#### [WHAT NEEDS TO BE DONE]
Go to the line with "如果想通过内存来排序,可以加参数: --sort -pmem" in the entries below and write out every line from there through the line with "賞紅葉。燦爛陽光下紅葉冬景美", exactly and without pictures.

Dataset entries
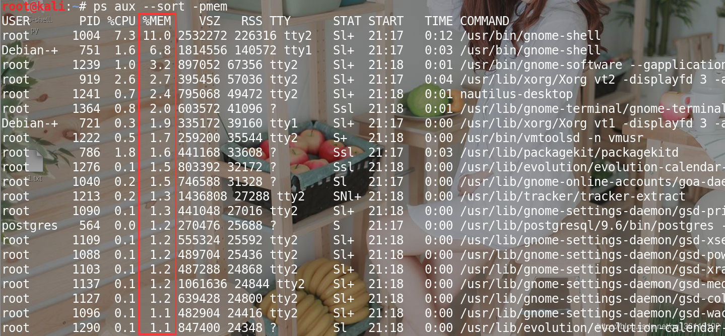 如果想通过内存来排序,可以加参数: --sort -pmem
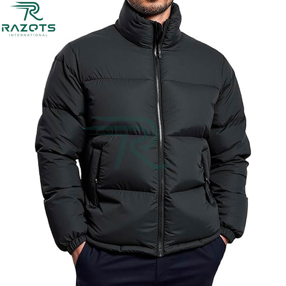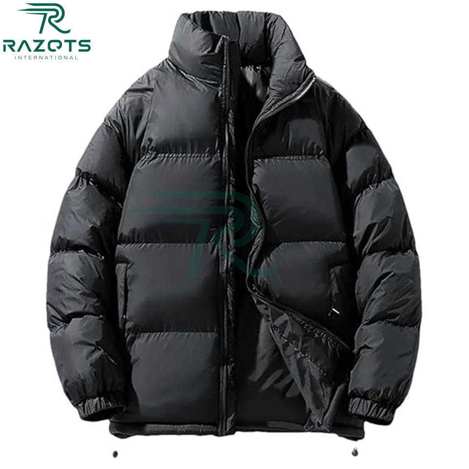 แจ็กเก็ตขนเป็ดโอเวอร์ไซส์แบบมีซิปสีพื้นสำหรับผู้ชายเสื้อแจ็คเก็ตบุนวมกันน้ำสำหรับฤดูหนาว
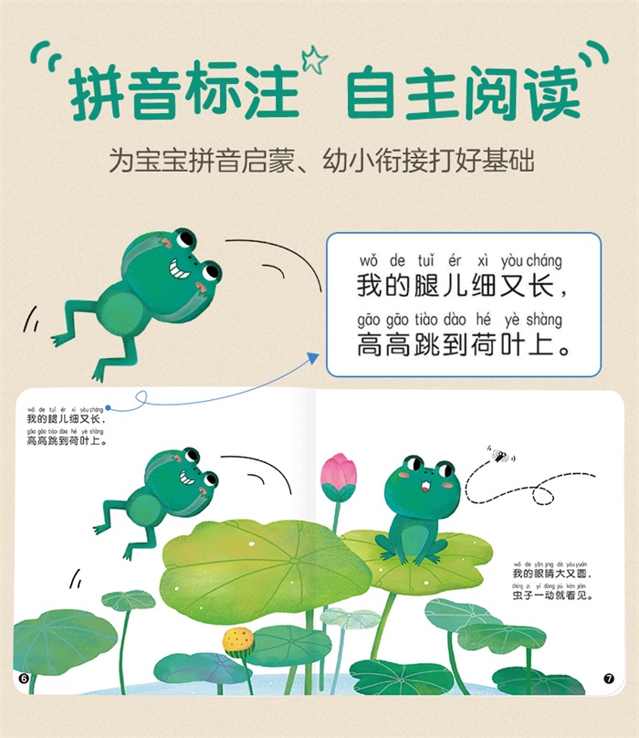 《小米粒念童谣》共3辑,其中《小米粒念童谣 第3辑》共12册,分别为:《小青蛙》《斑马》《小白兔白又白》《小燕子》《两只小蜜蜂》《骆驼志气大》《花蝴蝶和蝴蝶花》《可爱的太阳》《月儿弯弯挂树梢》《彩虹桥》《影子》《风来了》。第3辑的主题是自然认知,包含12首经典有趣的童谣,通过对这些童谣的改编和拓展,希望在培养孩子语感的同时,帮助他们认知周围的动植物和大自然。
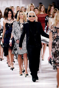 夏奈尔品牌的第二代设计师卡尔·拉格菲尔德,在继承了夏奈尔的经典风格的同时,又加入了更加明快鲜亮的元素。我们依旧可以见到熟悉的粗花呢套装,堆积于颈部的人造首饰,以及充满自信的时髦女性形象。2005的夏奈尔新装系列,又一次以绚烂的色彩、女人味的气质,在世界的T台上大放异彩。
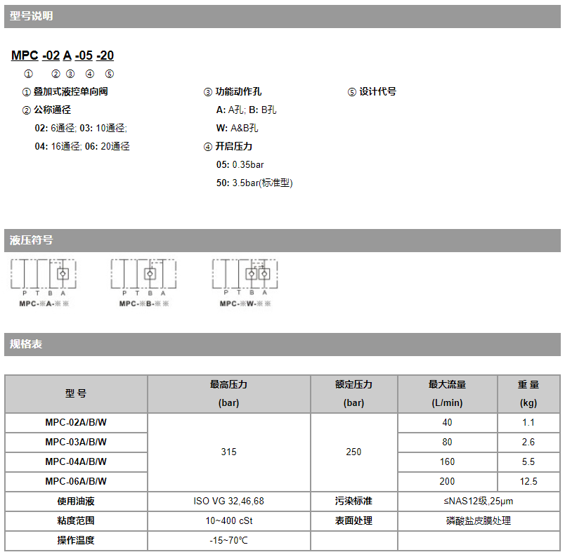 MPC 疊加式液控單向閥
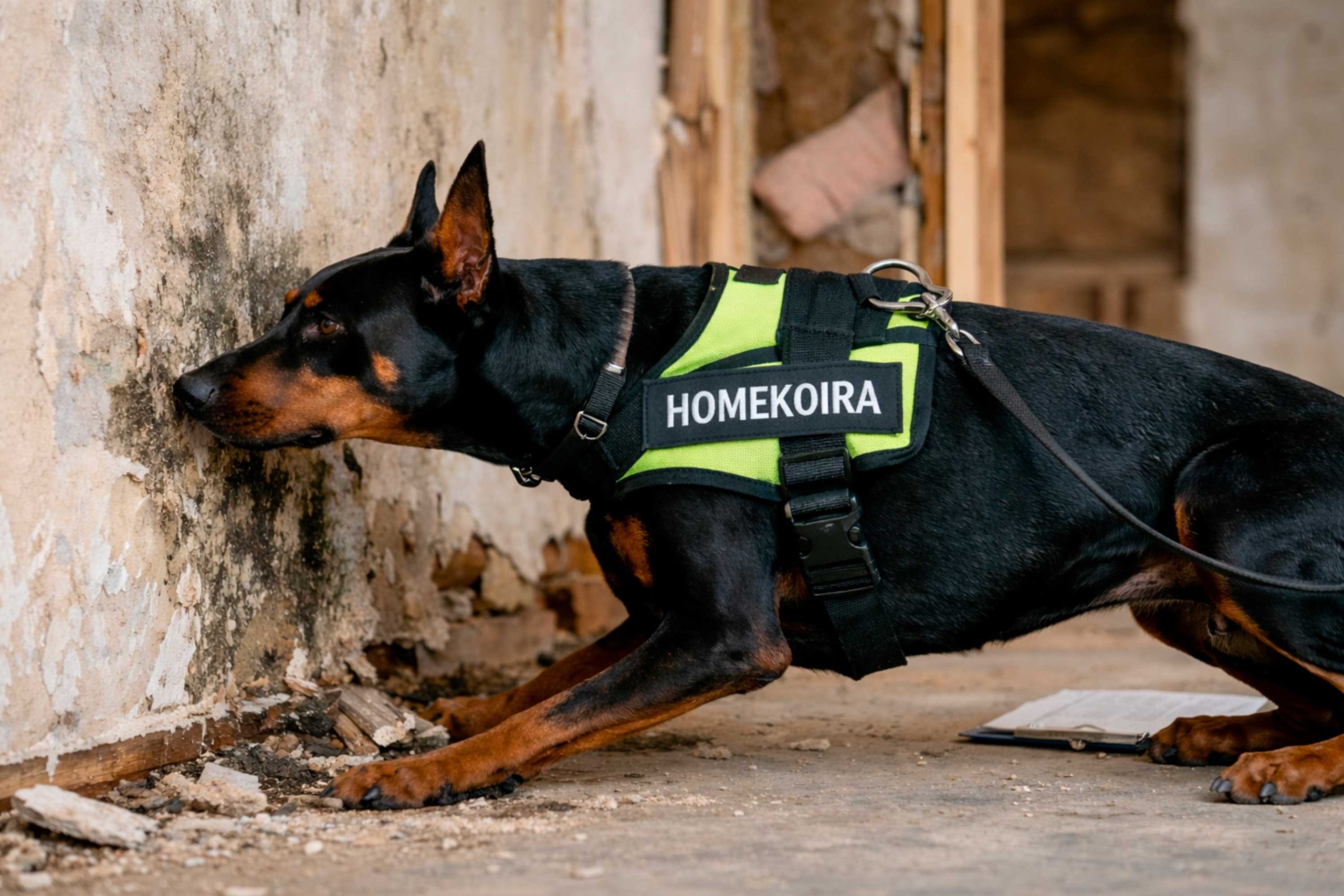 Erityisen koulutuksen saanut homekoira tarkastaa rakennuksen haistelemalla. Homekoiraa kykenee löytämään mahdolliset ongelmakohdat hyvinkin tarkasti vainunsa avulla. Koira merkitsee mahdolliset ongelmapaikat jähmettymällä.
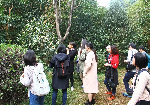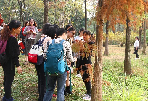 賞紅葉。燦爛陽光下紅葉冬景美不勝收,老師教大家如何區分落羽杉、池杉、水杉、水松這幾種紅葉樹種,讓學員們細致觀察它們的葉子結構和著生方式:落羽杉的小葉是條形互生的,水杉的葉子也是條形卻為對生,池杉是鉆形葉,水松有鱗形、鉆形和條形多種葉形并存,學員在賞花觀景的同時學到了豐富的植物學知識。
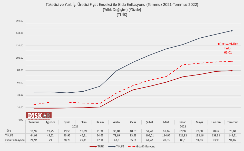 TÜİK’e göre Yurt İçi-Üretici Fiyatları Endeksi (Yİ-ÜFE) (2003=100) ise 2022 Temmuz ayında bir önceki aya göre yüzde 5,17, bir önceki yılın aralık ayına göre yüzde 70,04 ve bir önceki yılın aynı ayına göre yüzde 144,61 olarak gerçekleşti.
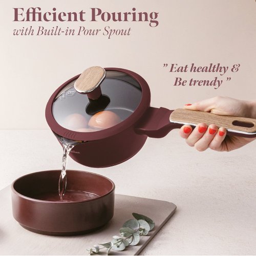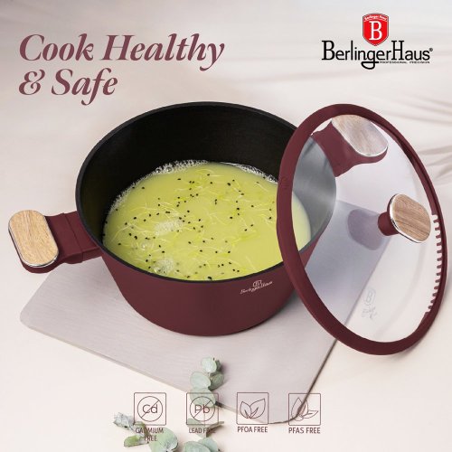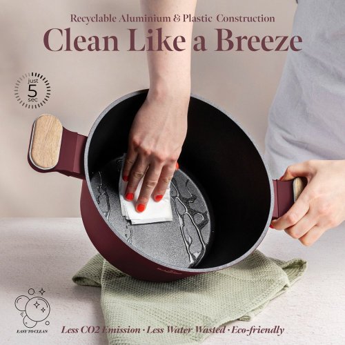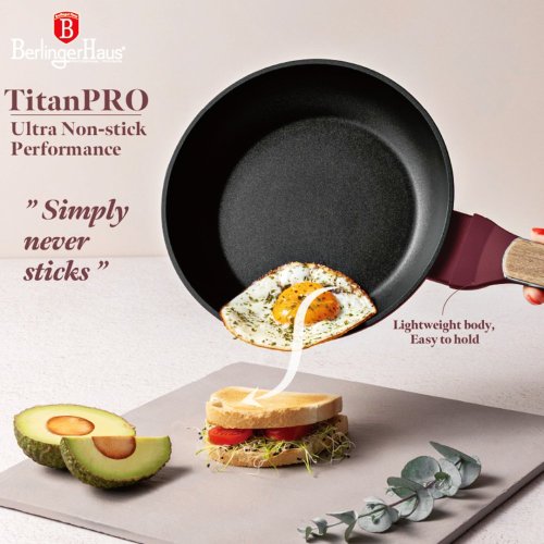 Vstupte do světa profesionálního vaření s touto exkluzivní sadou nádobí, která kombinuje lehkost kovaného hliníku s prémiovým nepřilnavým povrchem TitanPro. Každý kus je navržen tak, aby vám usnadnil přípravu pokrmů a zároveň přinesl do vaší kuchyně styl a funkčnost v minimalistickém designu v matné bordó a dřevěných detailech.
---
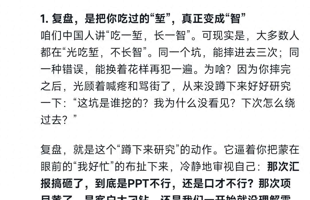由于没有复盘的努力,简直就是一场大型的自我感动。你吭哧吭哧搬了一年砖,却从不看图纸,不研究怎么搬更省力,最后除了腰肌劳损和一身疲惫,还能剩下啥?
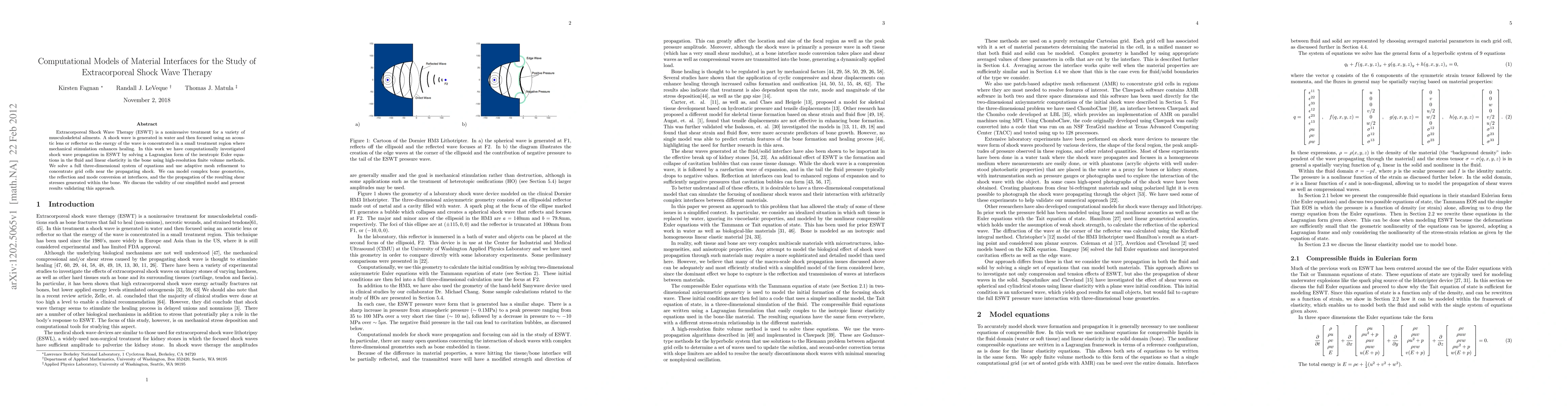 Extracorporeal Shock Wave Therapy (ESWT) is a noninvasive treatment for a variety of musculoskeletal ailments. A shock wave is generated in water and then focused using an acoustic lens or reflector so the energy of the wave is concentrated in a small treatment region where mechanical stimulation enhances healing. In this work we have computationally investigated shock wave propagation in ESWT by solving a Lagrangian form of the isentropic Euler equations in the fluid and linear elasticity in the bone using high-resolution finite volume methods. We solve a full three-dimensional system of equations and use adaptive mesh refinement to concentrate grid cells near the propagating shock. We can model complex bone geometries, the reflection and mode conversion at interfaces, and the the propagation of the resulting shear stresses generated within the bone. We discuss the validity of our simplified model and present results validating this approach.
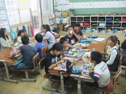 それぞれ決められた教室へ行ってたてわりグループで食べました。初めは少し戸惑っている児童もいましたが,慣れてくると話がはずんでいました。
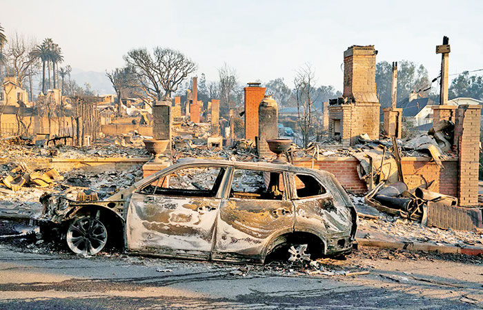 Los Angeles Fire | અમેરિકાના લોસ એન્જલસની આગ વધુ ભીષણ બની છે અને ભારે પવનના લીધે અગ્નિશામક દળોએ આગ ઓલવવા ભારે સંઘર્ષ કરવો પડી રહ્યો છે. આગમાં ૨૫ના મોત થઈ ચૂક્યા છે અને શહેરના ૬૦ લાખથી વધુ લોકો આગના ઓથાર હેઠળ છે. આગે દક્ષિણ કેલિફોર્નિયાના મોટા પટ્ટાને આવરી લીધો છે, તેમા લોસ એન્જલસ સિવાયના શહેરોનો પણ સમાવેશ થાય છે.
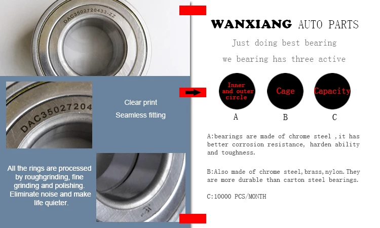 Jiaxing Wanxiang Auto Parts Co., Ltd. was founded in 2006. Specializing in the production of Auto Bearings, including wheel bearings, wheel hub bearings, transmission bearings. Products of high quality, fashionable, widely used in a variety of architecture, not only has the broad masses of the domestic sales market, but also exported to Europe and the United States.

#### [ANSWER TO THE PROBLEM]
 如果想通过内存来排序,可以加参数: --sort -pmem
 แจ็กเก็ตขนเป็ดโอเวอร์ไซส์แบบมีซิปสีพื้นสำหรับผู้ชายเสื้อแจ็คเก็ตบุนวมกันน้ำสำหรับฤดูหนาว
 《小米粒念童谣》共3辑,其中《小米粒念童谣 第3辑》共12册,分别为:《小青蛙》《斑马》《小白兔白又白》《小燕子》《两只小蜜蜂》《骆驼志气大》《花蝴蝶和蝴蝶花》《可爱的太阳》《月儿弯弯挂树梢》《彩虹桥》《影子》《风来了》。第3辑的主题是自然认知,包含12首经典有趣的童谣,通过对这些童谣的改编和拓展,希望在培养孩子语感的同时,帮助他们认知周围的动植物和大自然。
 夏奈尔品牌的第二代设计师卡尔·拉格菲尔德,在继承了夏奈尔的经典风格的同时,又加入了更加明快鲜亮的元素。我们依旧可以见到熟悉的粗花呢套装,堆积于颈部的人造首饰,以及充满自信的时髦女性形象。2005的夏奈尔新装系列,又一次以绚烂的色彩、女人味的气质,在世界的T台上大放异彩。
 MPC 疊加式液控單向閥
 Erityisen koulutuksen saanut homekoira tarkastaa rakennuksen haistelemalla. Homekoiraa kykenee löytämään mahdolliset ongelmakohdat hyvinkin tarkasti vainunsa avulla. Koira merkitsee mahdolliset ongelmapaikat jähmettymällä.
 賞紅葉。燦爛陽光下紅葉冬景美不勝收,老師教大家如何區分落羽杉、池杉、水杉、水松這幾種紅葉樹種,讓學員們細致觀察它們的葉子結構和著生方式:落羽杉的小葉是條形互生的,水杉的葉子也是條形卻為對生,池杉是鉆形葉,水松有鱗形、鉆形和條形多種葉形并存,學員在賞花觀景的同時學到了豐富的植物學知識。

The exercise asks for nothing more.